**Exercise objective**
From the entries below, please output exactly the lines starting at the one containing "Дофаминовый интерьер: гармония" and ending at the one containing "12:锅上火,将有芝麻的那面", both included.
BEGIN
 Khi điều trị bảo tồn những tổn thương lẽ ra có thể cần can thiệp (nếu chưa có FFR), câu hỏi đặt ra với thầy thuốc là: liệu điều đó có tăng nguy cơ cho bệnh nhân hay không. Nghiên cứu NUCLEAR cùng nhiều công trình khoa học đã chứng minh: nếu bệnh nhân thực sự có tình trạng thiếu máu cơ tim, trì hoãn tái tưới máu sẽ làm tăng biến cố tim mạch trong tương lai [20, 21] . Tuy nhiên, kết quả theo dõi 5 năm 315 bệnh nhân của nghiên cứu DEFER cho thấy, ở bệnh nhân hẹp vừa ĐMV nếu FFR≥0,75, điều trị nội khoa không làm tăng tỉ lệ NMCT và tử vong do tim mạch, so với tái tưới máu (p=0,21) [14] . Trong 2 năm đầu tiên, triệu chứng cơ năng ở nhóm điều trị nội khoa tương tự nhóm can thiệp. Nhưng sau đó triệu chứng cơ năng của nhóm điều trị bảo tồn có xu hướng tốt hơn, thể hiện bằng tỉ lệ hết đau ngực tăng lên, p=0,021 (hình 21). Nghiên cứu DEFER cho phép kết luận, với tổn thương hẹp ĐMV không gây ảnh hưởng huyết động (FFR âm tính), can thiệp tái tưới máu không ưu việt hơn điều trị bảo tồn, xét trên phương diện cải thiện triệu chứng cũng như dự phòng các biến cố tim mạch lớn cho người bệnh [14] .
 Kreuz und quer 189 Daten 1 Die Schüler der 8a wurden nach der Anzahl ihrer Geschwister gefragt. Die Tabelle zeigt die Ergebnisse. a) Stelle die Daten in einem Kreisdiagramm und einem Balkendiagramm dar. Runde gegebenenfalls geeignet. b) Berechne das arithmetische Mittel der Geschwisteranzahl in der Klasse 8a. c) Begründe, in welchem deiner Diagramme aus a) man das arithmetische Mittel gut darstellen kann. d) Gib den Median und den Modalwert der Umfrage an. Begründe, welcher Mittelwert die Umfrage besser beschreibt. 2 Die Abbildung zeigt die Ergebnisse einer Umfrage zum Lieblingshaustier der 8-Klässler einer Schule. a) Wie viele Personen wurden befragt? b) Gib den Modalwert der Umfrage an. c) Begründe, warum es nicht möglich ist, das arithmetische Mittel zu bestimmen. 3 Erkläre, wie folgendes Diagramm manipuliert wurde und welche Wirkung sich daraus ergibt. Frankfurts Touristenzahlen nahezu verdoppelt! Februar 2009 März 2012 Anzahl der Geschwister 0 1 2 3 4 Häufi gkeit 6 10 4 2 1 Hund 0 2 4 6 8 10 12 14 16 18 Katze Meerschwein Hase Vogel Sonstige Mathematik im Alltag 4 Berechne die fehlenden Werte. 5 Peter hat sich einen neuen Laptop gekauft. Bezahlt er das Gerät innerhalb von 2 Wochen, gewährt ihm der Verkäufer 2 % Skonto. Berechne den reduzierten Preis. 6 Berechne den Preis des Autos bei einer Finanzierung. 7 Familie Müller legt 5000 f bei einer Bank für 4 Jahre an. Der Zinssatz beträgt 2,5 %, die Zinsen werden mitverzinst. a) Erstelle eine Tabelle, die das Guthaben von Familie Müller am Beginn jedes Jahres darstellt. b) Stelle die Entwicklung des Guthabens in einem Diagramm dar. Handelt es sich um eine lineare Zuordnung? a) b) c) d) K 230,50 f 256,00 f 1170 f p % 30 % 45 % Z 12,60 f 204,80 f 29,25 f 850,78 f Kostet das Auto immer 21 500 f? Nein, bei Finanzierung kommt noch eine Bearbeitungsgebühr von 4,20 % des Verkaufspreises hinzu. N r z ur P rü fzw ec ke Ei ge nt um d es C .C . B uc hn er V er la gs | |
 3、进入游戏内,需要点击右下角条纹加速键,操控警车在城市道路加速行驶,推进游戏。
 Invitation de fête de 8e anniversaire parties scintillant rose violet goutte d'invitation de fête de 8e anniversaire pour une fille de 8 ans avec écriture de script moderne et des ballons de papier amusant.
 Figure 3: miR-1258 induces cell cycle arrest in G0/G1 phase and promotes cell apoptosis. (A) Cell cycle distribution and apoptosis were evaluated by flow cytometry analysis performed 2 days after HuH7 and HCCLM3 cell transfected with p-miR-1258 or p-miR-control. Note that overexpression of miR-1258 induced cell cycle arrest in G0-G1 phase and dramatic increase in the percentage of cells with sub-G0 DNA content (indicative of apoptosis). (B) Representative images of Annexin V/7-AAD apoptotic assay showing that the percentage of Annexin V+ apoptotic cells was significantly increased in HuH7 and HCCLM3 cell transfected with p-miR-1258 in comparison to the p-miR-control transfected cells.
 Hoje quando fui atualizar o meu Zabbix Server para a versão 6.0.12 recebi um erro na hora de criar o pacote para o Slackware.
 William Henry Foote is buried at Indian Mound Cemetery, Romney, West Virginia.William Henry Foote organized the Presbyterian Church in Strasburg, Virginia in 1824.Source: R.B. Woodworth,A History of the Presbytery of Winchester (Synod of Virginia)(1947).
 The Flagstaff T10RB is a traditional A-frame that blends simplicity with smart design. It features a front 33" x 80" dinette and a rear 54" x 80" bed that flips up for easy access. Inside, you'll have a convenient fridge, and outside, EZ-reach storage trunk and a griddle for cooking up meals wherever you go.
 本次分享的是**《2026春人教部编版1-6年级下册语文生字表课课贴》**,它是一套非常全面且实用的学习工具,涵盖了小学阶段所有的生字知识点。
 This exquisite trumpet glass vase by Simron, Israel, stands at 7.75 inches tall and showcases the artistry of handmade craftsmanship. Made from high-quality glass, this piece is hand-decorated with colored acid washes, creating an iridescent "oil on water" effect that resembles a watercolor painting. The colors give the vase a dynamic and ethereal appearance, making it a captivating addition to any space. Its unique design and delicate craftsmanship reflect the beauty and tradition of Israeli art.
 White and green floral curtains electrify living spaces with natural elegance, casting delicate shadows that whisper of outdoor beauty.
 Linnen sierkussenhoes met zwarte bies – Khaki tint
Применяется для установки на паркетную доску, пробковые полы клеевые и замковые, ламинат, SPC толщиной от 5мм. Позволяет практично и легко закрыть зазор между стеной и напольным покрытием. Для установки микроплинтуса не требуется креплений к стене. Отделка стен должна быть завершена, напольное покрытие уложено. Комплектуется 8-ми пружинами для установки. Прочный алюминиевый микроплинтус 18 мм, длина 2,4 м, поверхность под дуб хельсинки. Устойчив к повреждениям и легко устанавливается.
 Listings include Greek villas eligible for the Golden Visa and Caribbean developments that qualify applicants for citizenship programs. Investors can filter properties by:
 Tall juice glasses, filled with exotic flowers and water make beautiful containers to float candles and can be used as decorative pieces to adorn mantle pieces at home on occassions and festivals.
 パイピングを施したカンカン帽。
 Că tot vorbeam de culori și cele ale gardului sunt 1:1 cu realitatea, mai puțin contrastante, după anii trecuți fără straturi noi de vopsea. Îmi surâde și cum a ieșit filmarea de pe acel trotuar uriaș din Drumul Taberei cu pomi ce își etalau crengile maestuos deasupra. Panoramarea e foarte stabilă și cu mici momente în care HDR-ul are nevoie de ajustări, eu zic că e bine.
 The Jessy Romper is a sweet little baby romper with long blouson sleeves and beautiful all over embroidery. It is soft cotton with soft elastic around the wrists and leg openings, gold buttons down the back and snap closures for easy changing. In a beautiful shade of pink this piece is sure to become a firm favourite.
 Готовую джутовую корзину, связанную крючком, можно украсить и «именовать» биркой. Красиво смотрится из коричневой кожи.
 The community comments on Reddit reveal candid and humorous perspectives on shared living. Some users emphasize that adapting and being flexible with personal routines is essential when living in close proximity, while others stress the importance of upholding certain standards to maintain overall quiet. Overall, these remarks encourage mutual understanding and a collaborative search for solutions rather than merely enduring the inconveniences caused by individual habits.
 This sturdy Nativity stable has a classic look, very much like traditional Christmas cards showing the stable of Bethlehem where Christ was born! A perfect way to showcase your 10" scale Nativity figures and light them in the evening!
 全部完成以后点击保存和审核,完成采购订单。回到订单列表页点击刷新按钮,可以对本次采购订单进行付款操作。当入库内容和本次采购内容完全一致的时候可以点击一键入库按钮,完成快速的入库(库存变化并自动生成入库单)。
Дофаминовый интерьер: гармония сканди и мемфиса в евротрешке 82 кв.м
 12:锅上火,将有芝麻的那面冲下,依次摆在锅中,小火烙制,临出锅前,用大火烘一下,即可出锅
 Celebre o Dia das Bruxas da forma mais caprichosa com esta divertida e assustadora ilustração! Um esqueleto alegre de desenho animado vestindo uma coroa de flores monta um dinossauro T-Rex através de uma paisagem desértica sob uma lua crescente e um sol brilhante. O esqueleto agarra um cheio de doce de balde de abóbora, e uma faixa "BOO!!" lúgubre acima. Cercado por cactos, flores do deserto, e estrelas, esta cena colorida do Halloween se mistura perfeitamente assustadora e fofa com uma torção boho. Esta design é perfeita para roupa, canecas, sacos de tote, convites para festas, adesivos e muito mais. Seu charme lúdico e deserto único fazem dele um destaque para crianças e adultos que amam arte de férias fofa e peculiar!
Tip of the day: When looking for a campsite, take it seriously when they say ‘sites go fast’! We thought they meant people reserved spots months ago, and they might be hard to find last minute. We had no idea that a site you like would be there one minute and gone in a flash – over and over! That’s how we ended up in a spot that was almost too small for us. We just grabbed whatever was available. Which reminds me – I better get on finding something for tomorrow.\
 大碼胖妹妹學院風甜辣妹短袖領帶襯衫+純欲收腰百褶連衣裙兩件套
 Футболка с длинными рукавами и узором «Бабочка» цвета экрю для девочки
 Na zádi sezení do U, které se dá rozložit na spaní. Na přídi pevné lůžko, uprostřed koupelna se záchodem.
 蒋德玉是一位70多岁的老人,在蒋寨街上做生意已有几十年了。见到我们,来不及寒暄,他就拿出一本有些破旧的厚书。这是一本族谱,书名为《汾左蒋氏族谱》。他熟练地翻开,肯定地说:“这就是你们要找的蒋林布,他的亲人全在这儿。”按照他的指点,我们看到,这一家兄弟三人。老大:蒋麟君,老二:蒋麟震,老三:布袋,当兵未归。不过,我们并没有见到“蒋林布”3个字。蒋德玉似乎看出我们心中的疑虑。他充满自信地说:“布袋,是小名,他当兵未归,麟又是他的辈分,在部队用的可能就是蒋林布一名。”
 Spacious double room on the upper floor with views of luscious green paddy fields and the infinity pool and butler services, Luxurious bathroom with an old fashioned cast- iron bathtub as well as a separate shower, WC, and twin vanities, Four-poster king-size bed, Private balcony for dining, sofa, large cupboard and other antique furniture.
END
**Written reply**
Дофаминовый интерьер: гармония сканди и мемфиса в евротрешке 82 кв.м
 12:锅上火,将有芝麻的那面冲下,依次摆在锅中,小火烙制,临出锅前,用大火烘一下,即可出锅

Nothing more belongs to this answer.